The V&A Waterfront has several distinct districts.

===Canal District===

This urban district connects the V&A waterfront to the City of Cape Town. The area contains Battery Park, and a spa and showroom at Waterway House.

===Clocktower District===
This district contains the Port Captain's Office and clock tower, built in 1882, retail facilities, and the Nelson Mandela Gateway, from where the ferries to Robben Island depart. The clock tower has begun to lean slightly to one side, although further leaning has now been halted.

===Granger Bay District===
Contains The Lookout events space, The Grand Beach Cafe, the Breakwater residential development, the Oranjezicht City Farm Market, and boardwalks with ocean views.

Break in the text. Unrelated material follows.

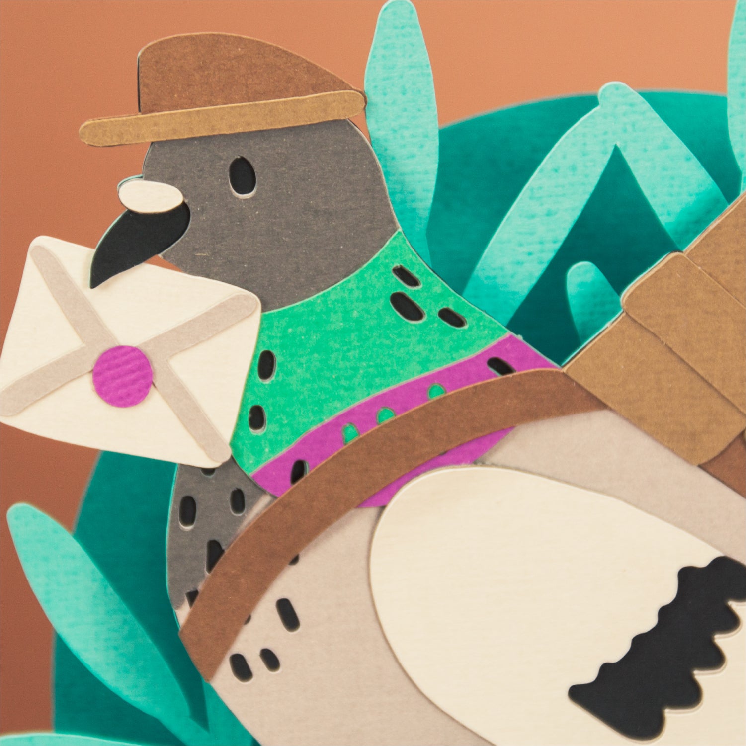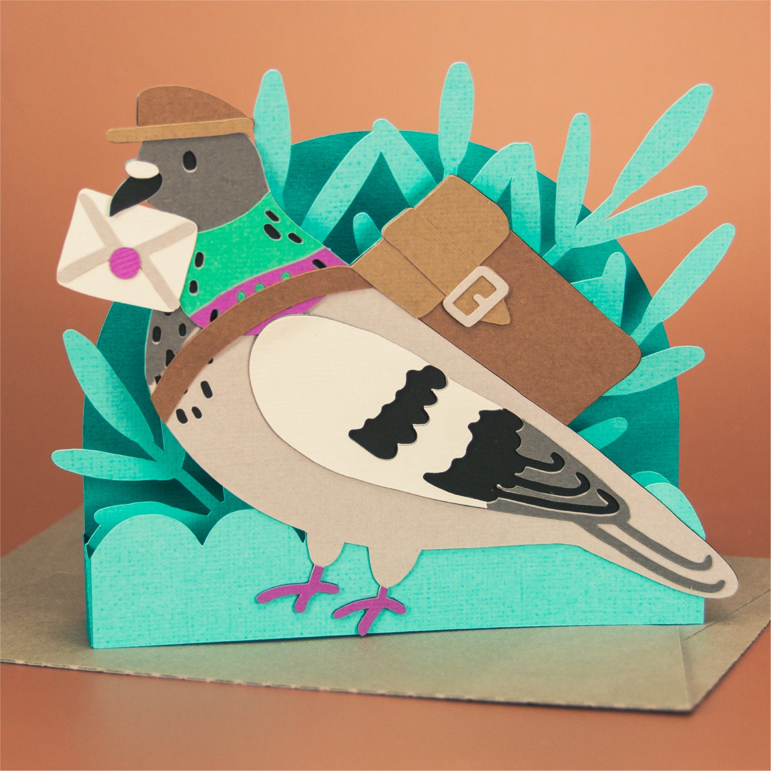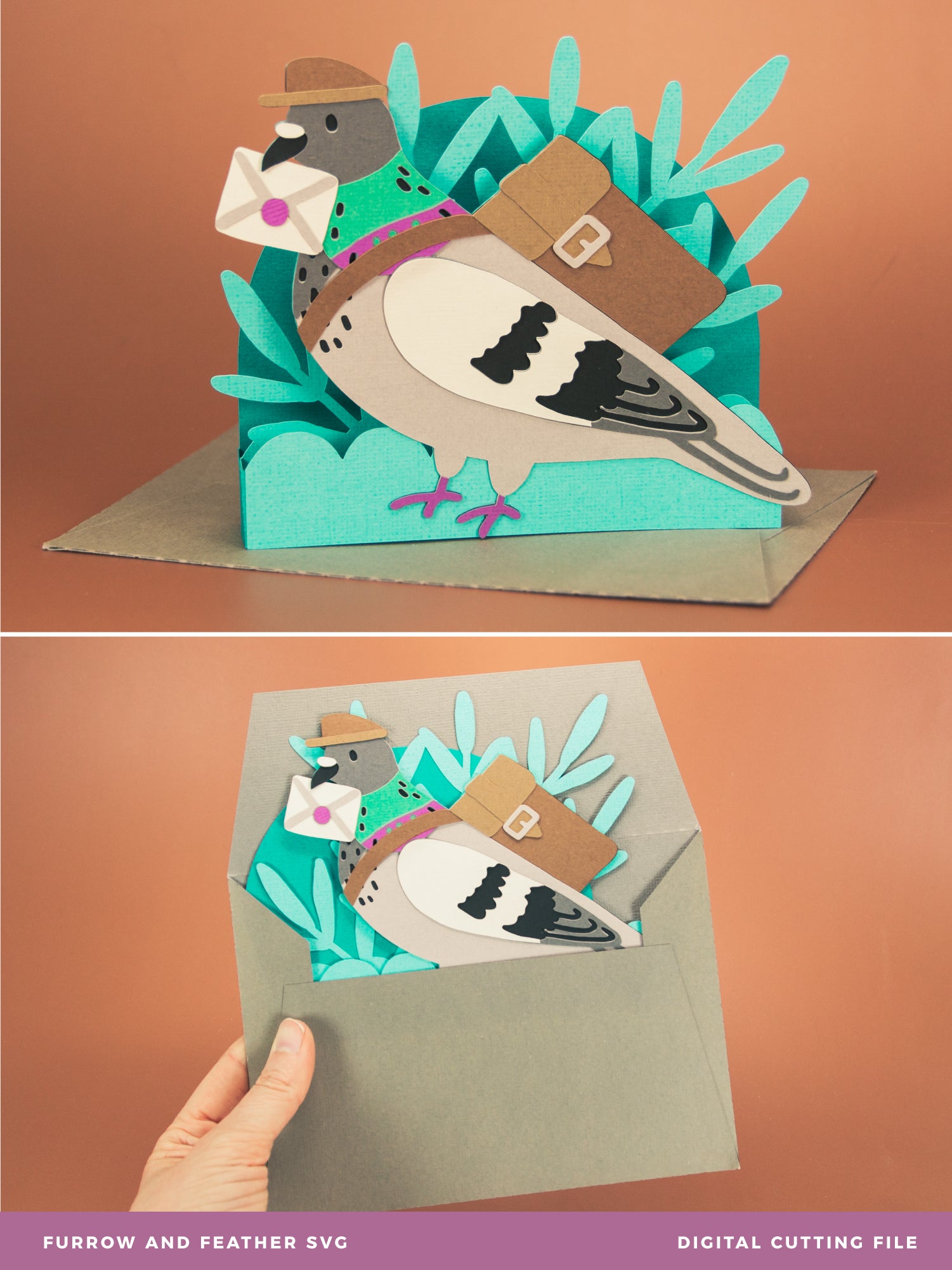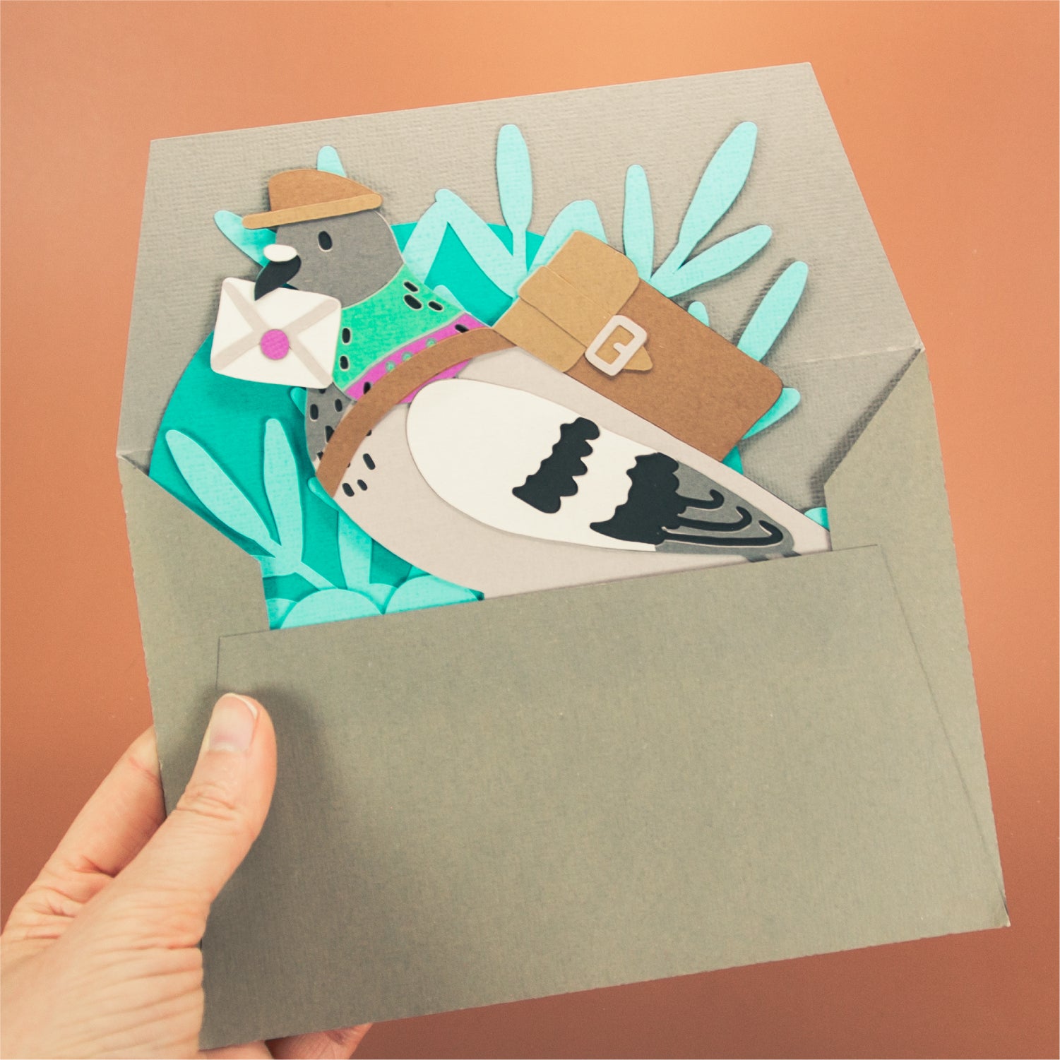 Create a super fun card with this Carrier Pigeon Card - a 3D 'just because' card SVG! This is such a fun card to mail to a friend! This design features a carrier pigeon with an adorable backpack & cap, holding a letter in their beak. I love updating the cardstock colors for the middle & back pieces. You could also write a fun word on the letter in the pigeon's beak! You could also make that letter larger and tuck it under the wing. This cutting file is perfect for Cricut and Silhouette cutting machines. The card folds flat for easy mailing and fits perfectly in the included 5x7” envelope cut file. Explore more of my card designs for even more cute and creative papercraft ideas!

===Portswood Ridge District===
This district connects the V&A waterfront and the Atlantic Seaboard, and includes the UCT Graduate School of Business, a golf course, the corporate offices and Deloitte HQ, and an urban garden.

===Silo District===
This district includes the Zeitz Museum of Contemporary Art Africa, the Southern Guild design gallery, restaurants, bars, hotels and office space. It sits next to the Cape Town Cruise Terminal, which also houses Makers Landing.

===South Arm District===
This district contains industrial space, and a harbour where fishing industries operate. Commercial vessels also berth at this harbour.

== Developments ==
The V&A Waterfront has seen development in the Silo district, which currently houses the headquarters of Allan Gray Investment Management at Silo 1 and apartments at Silo 2. The project was completed in 2017 with a Virgin Active gym, the Zeitz Museum of Contemporary Art Africa, and the adjoining Silo Hotel.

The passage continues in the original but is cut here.